PSW505 Popping sound changed to a heartbeat and static noise

I have two PSW505 Subwoofers. two weeks ago I noticed one of the subs making a popping noise which quickly changed to no sound except for static and a heart beat sound that doesn't stop even when the input is disconnected. Now the second sub is starting to make a similar popping noise but it's sporadic and the second sub is still working. Seems strange that both subs would start having issues within a few weeks. I haven't made any changes to the audio system other than adding an xbox to the receiver. Any ideas what has happened to these subs that are only two years old with moderate use?

Best Answer


  • Thanks for the advice. yesterday the second sub stop working also. I will contact Polk CS during the week. I hope your right about the warranty.

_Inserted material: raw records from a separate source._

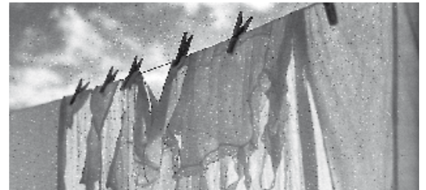
Arropa zuria zintzilik.

Egun baino arropa aukera gutxiago izanagatik, orduan ere, pilatzen zen arropa erabilia. Arropa garbitzea errito modukoa zen. Kale etxeetakoek garbilekuetara jotzen zuten. “Etxean beratzen jartzen genuen arropa eta jabatu egiten genuen. Gero garbilekura joaten ginen uretan pasatzera. Emakume gehienak baldea buruan hartuta joaten ziren”. Mugimendu handia sortzen zen garbilekuetan, “orain jubilatuta batzuk ibiltzen dira, ba, denbora pasa? Modu hartan joaten ziren batzuk garbilekura, kontuak esanez tertulia egitera. I-ji-ji eta a-ja-ja, algara ederrak entzuten ziren”. Villabonan bi garbileku zeuden, Berdura Plazan nagusia eta Subijana baino aurreraxeago txikia. “Berdura Plazakoak burnizko ate handia zuen eta giltzarrapoarekin ixten zen. Goiz eta arratsalde irekitzen zuten arduradunak”. Baserrietan lixiba egiten zen,
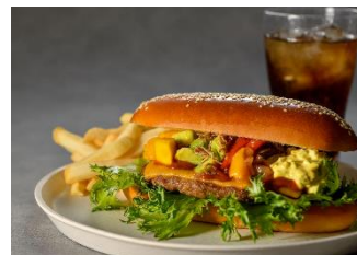
「アゴラバーガー」イメージ

大阪大学中之島センター2階にある「カフェテリア・アゴラ」は、文化・芸術・学術・技術の「4つの知」が交差する広場というコンセプトで誕生しました。店内はさまざまな展示物に囲まれ、ミュージアムのように、ゆったりとお過ごしいただける空間です。コンセプトにちなみ、ラタトゥイユ・アボカド・マンゴー・エッグスプレッドの4種の具材を絶妙にマリアージュさせた、食べ応えのある「アゴラバーガー」などをお楽しみいただけます。
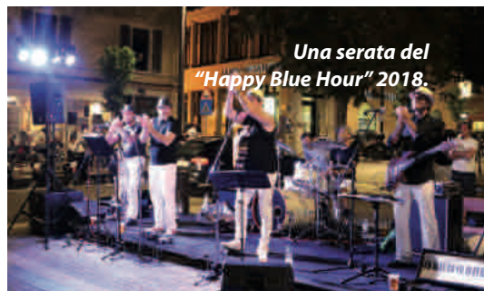
Una serata del "Happy Blue Hour" 2018.
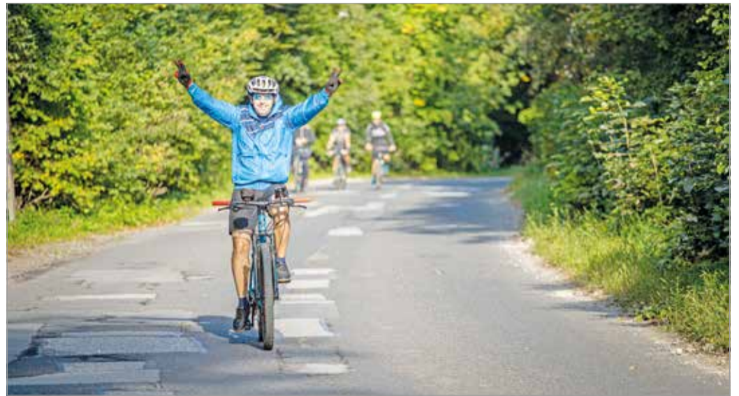
Az eseményen ezúttal is négy távon lehet majd indulni.

A szervezők ezért úgy döntöttek, hogy idén a harminc kilométeres táv útvonalát megfordítják, így aztán a Lusta-völgyön kell majd felfelé tekereni, míg a Jávorkútól Lillafüredre vezető, nem túl jó, de

I have been very impressed with these subs until now.
  • GrahamWGrahamW Posts: 3
    Before I start scoping my PSW505 amp for the "heartbeat" problem (without the aid of a schematic) I'd love to hear from anyone who saw the previous post and has since "been there, done that" with a possible fix.

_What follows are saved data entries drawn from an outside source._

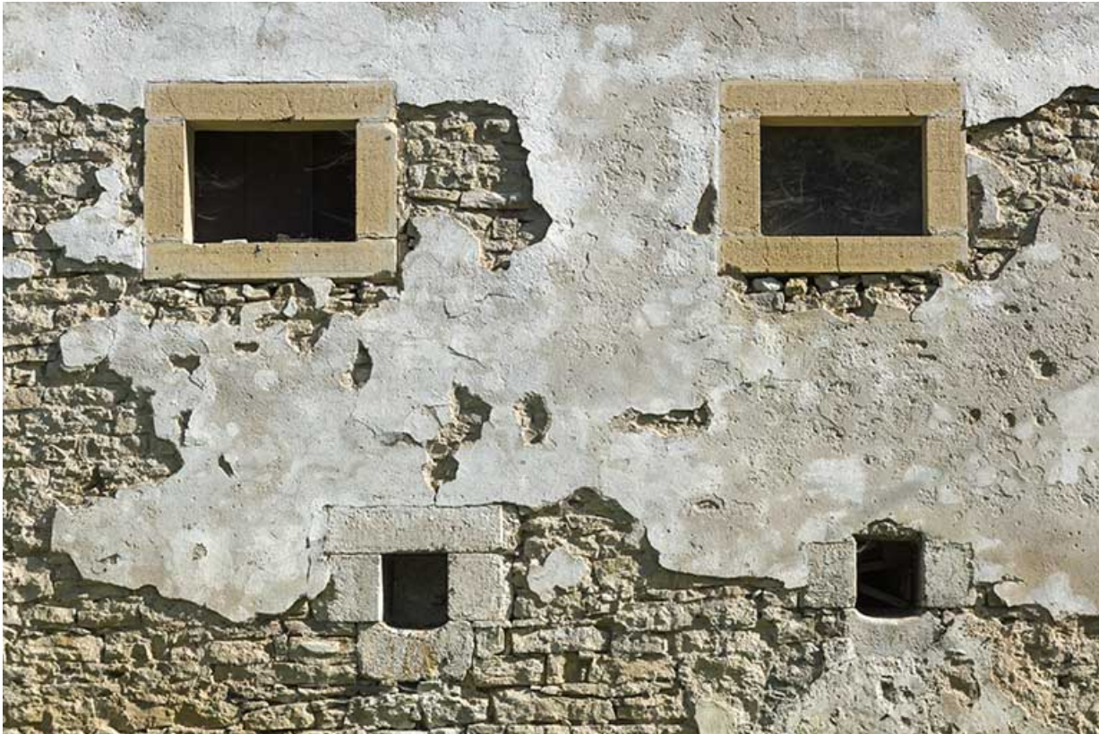
Moulin : fenêtres sur la façade ouest.

25, Montlebon, 17 rue du Moulin, lieudit : Cornabey
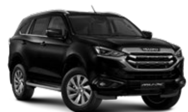
Onyx Black Mica
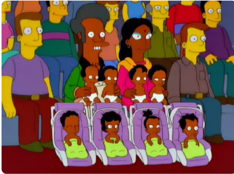
Imagen destinada a descomprimir emocionalmente. MIREN, BEBITOS!!!
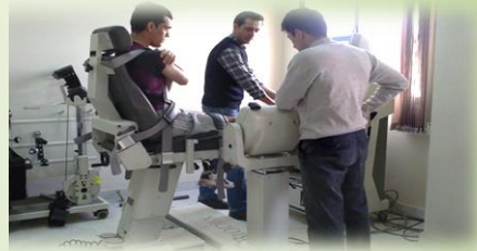
موشن آنالایزر MIE

این بخش با داشتن دستگاه هایی همچون سیستم ایزوکنتیک بایودکس،
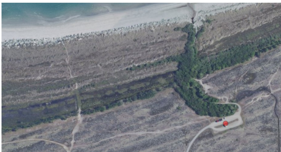
Luftfoto af projektområdet. Parkeringspladsen er markeret med en rød prik.
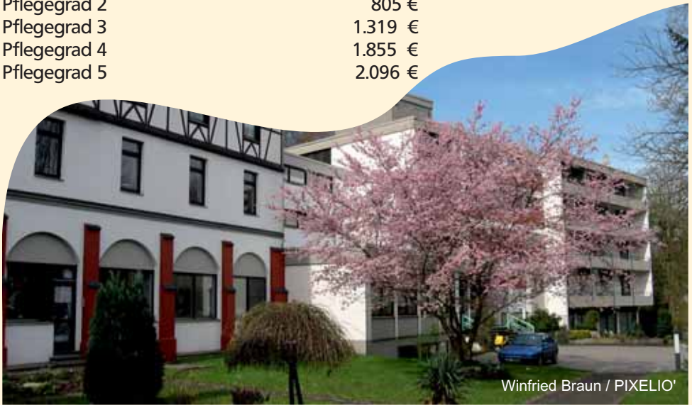
Winfried Braun / PIXELIO
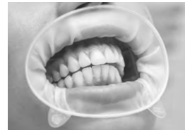
Рис. 1. Засіб OptraGate 2, розташований крильцями донизу. Оклюзія пацієнта не порушена.

Еластичний матеріал засобу OptraGate 2 натягується двома кільцями. Третє кільце, розташоване на еластичному компоненті, підтримує анатомічну форму. Товсте кільце розташовується в області щічно-ясенної складки, а тонке кільце з двома крильцями — поза межами ротової порожнини. Еластична частина між двома кільцями облягає губи пацієнта, підтримуючи їх завдяки пружним характеристикам матеріалу (див. рис. 1).
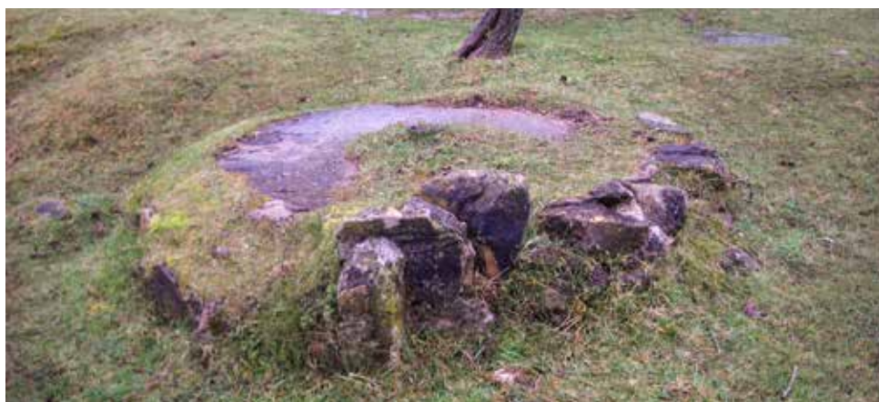
Posible asentamiento de la Fuente.

    Applying power triggers a regular heartbeat thump at about 2 beats a second. The beats gradually slow down until they are replaced by bursts of static. The static stops after a few seconds and then the unit works perfectly. Switch the main power off for a few minute and then back on and the amp behaves normally unless left off for some time.
    The problem does not happen after the unit wakes up from standby, but it's only going to get worse. The unit is out of warranty. Polk declined my request to release schematics. They would be happy to sell a replacement amp but I'm guessing the price would be about the same as the current closeout price for a brand new unit.

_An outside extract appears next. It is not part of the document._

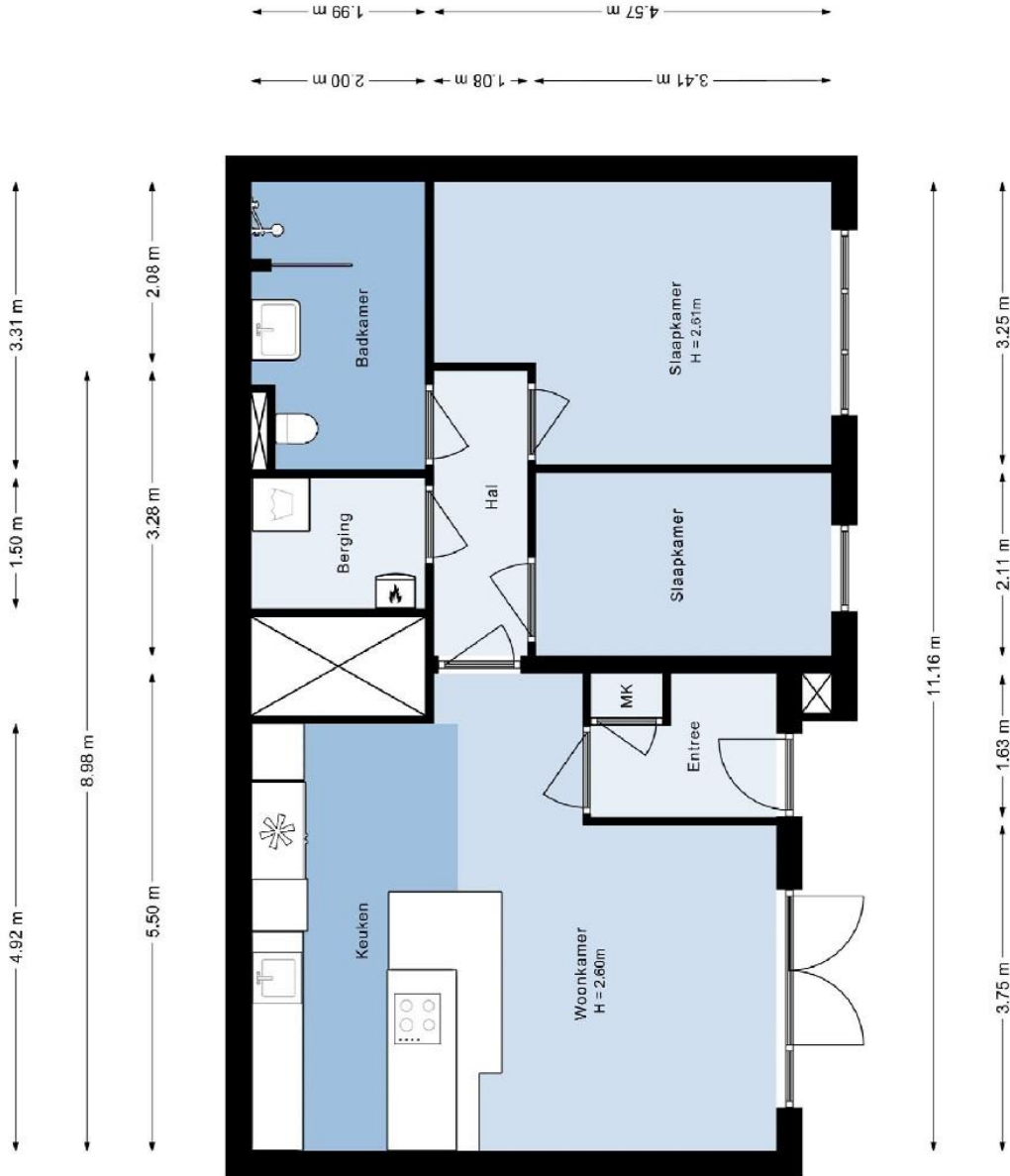
Appartement Meeroever 2 Hillegom

    These were not the answers I'd hoped for, but at least I was able to navigate Polk's relatively straightforward AVR and connect immediately with a polite human that I could understand!
    I did find a post suggesting the Klipsch RW-12 amp is a close relative and located that schematic. The designs appear conceptually similar but the Klipsch is too different to be of much use. Both the Klipsh and early PSW505's incorporate a Bash board, so it may be that earlier units are a closer match. Thanks for all help!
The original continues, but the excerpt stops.